Towards a next generation ofscientific c omputing in the Cloud

More than ever, designing new types of highly scalable data intensive computing is needed to qualify the new generation of scientific computing and analytics effectively perform complex tasks on massive amounts of data such as clustering, matrix computation, data mining, information extraction ... etc. MapReduce, put forward by Google, is a well-known model for programming commodity computer clusters to perform largescale data processing in a single pass. Hadoop is the most popular open-source implementation of the MapReduce model which provides a simple abstraction for large-scale distributed algorithm; it has become a popular distributed computing and data analysis paradigm in recent years. While, Hadoop MapReduce suits well for embarrassingly parallel problems, it suffers significant troubles when dealing with iterative algorithms; as a consequence, many alternative frameworks that support this class of algorithms were created.
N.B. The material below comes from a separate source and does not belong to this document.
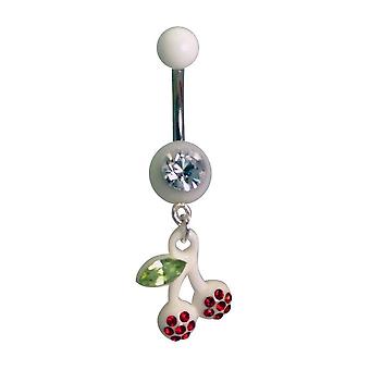 Uv surgical steel belly ring with white dangle cherry design - 14 gauge 7/16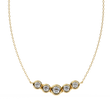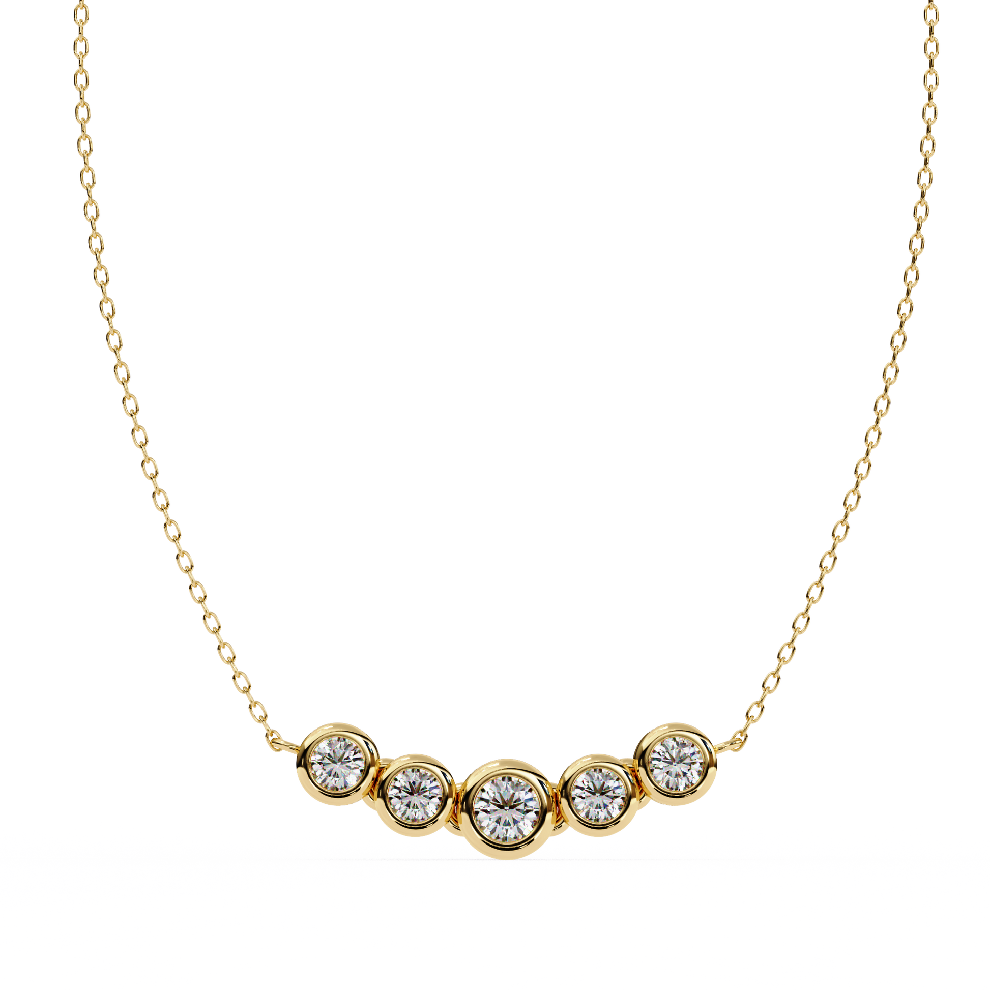 This elegant pendant features five brilliant round diamonds set in smooth, polished gold bezels, arranged in a graceful curved bar that adds subtle sparkle and refined symmetry to the neckline. Suspended from a delicate matching gold chain, the design blends modern minimalism with timeless luxury, making it a versatile piece that transitions effortlessly from everyday wear to special occasions by Ivevar.

In this paper, we propose architecture for such configuration implemented in an SPC (Scientific Private Cloud) prototype, using the Hadoop 2.0 next generation platform to allow the use of alternative programming frameworks respecting a hybrid approach, while retaining the scalability and fault tolerance of Hadoop MapReduce. By adapting scientific problems to execute them in our Scientific Cloud, experiments conducted show the effectiveness of the proposed model and its impact on the ease of frameworks handling.